How Hackers are Using Fake COVID-19 Maps to Give People Malware
Another scam? Scams are always happening and are something to look out for. In today’s world of COVID-19, the scam alarm is ringing more than ever. Several sites with fake COVID-19 tracker maps have been known to infect the computer with malware, preying on the unsuspecting. Capitalizing on the fear of the virus, scammers have found fertile soil in which do their hacking.
What Are Reliable Sites?
If you are tracking the cases with the help of a map obtained from Johns Hopkins University or The New York Times, you are using reliable trackers that can be trusted. Seeking the latest information, people are now swarming to these sites to learn more about how COVID-19 is spreading or being contained.
The Bad Guys
Maps are being used, according to cybersecurity firm Reason Labs and Tech Radar, as hackers spread links to those looking for information. Hackers circulate the links to these malicious websites through social media or emails that are misleading. After opening the link, a person is directed to open a computer program that can infect their device; this is AZORult malware, which was designed in the past. It steals such data as personal banking information and logins.
Researcher Shai Alfasi, from Reason Labs, commented that it is a common technique and will probably be seen in the future as well as at present; he also said that corona malware will be with us for a while.
Phishing emails, appearing to come from the Centers for Disease Control and Prevention or World Health Organization, ask for sensitive information; they might instruct people to click on a suspicious link and open malicious attachments.
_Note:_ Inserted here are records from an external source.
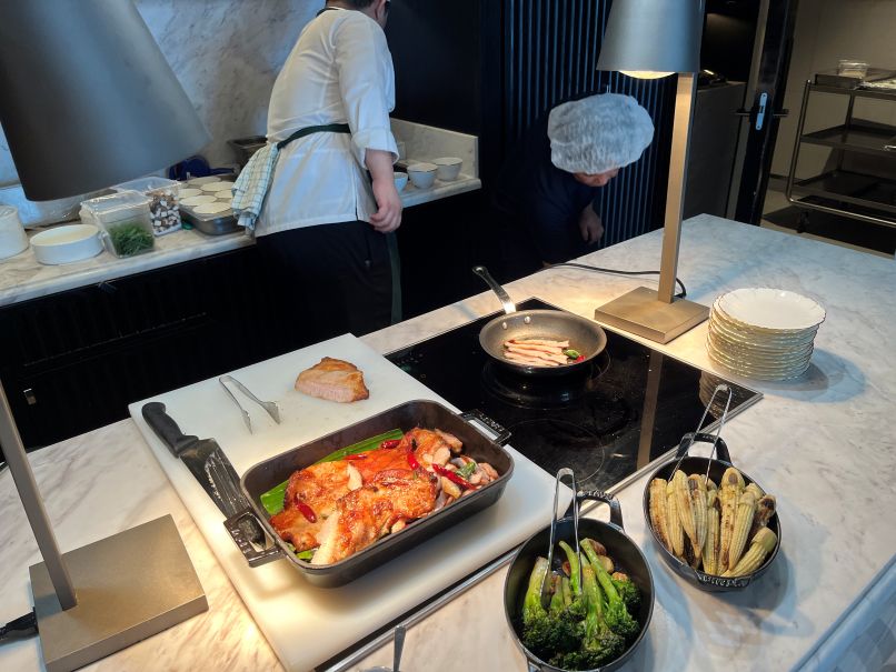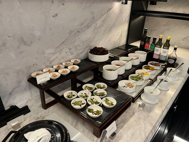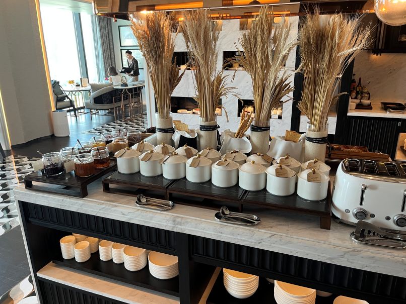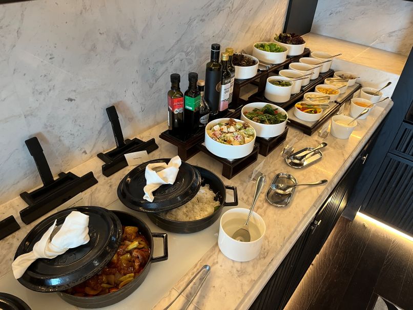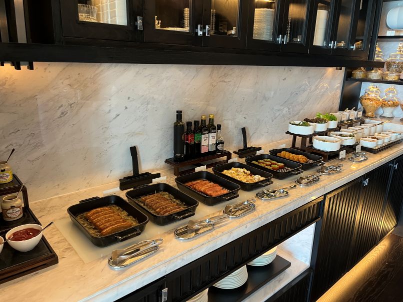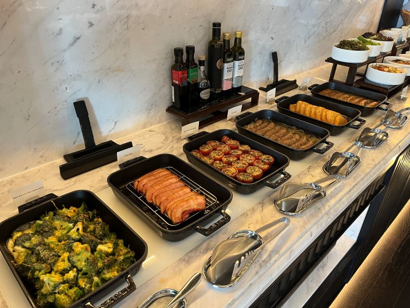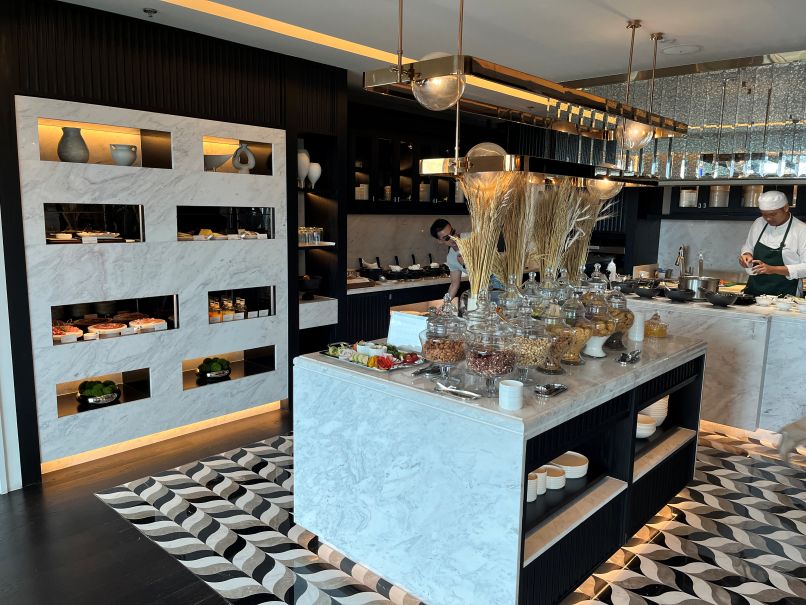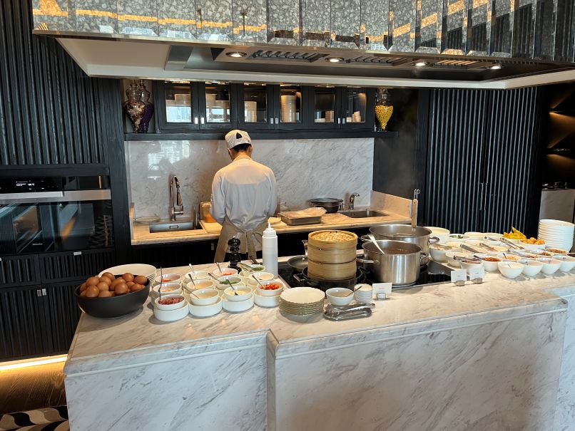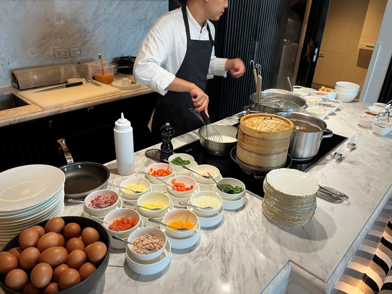 ラウンジは落ち着いた雰囲気で、広い窓からは街並みが一望できます。チェックインが終了するとスタッフから「朝食が10時半までですので、よろしければどうぞ」と案内を受け、そのまま朝食へ。卵料理やお粥、麺類はオーダー制、点心も充実。平日ということもあり人が少なく、静かな空間で食事を楽しめました。
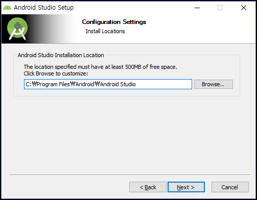 - Android Studio가 설치될 경로를 지정합니다. Next를 눌러 진행합니다.
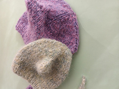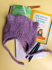 Description: This bonnet is worked flat, starting with a 1x1 ribbed edge. The main body begins flat in stockinette stitch. Two ear sections are established with markers. Ears are shaped using increases on either side of a central stitch. After the increase section, a seamless specific decrease sequence gathers all stitches of each ear. The work is then joined to be knit in the round. The crown is shaped using decreases at four points.
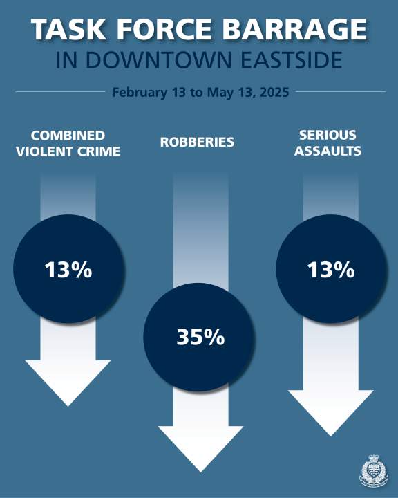 Violence, street crime down in Vancouver’s DTES due to task force, police sayTask Force Barrage was launched three months ago to target criminals and criminal activity in the Downtown Eastside.CrimeMay 22
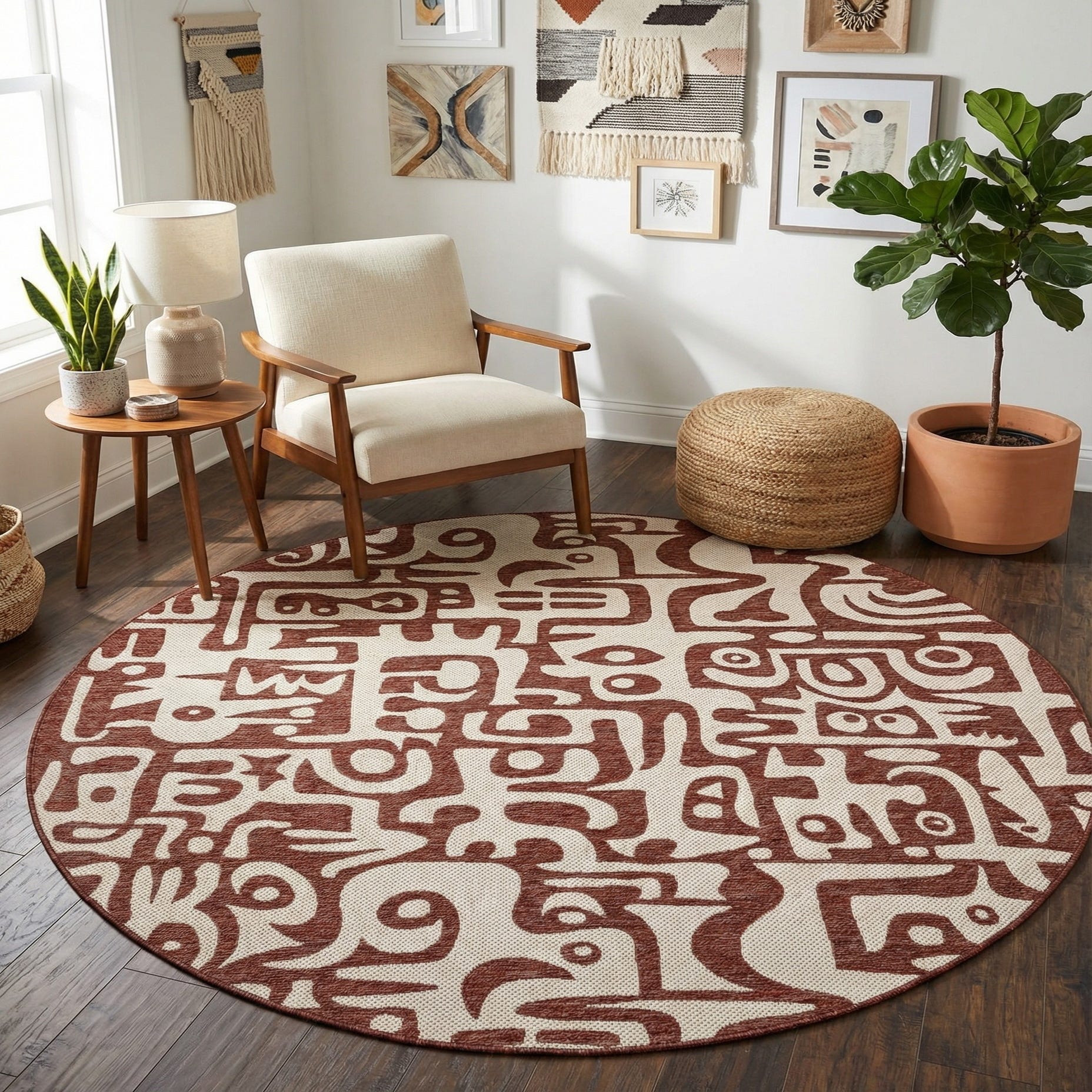 Primary image 7' 10 x 7' 10  Washable Modern Indoor / Outdoor Round Rug

The best way to be sure of one of the new websites that are popping up all over, is to use a COVID-19 scame website checker to see if it can be trusted. Easy tools are available to see if a website is a scam or not.
What the Future Holds
We don’t exactly know what the future holds, except that there will always be schemes from hackers who prey on those who worry about the present outbreak. In fact, security researchers have been witness to a rise in phishing scams; hackers pose as health authorities who provide information about COVID-19. This is done in order to trick people to hand over their login credentials.
Phishing emails might ask for personal information; they might instruct people to click on a questionable COVID-19 link and open an attachment that could contain malware.
The next time you see a link to a map with statistics for the corona virus, make sure
that the website and maps are reliable before you click on it. Fake corona virus maps are the vehicle for malware and are victimizing those in the midst of worry. You don’t need to be one of those who have been scammed.
These maps are an addition to malicious shopping scams, buying unproven health products, donating to fake charities and other schemes to help worried people be parted from their hard-earned money during the time of COVID-19. Be careful and be smart.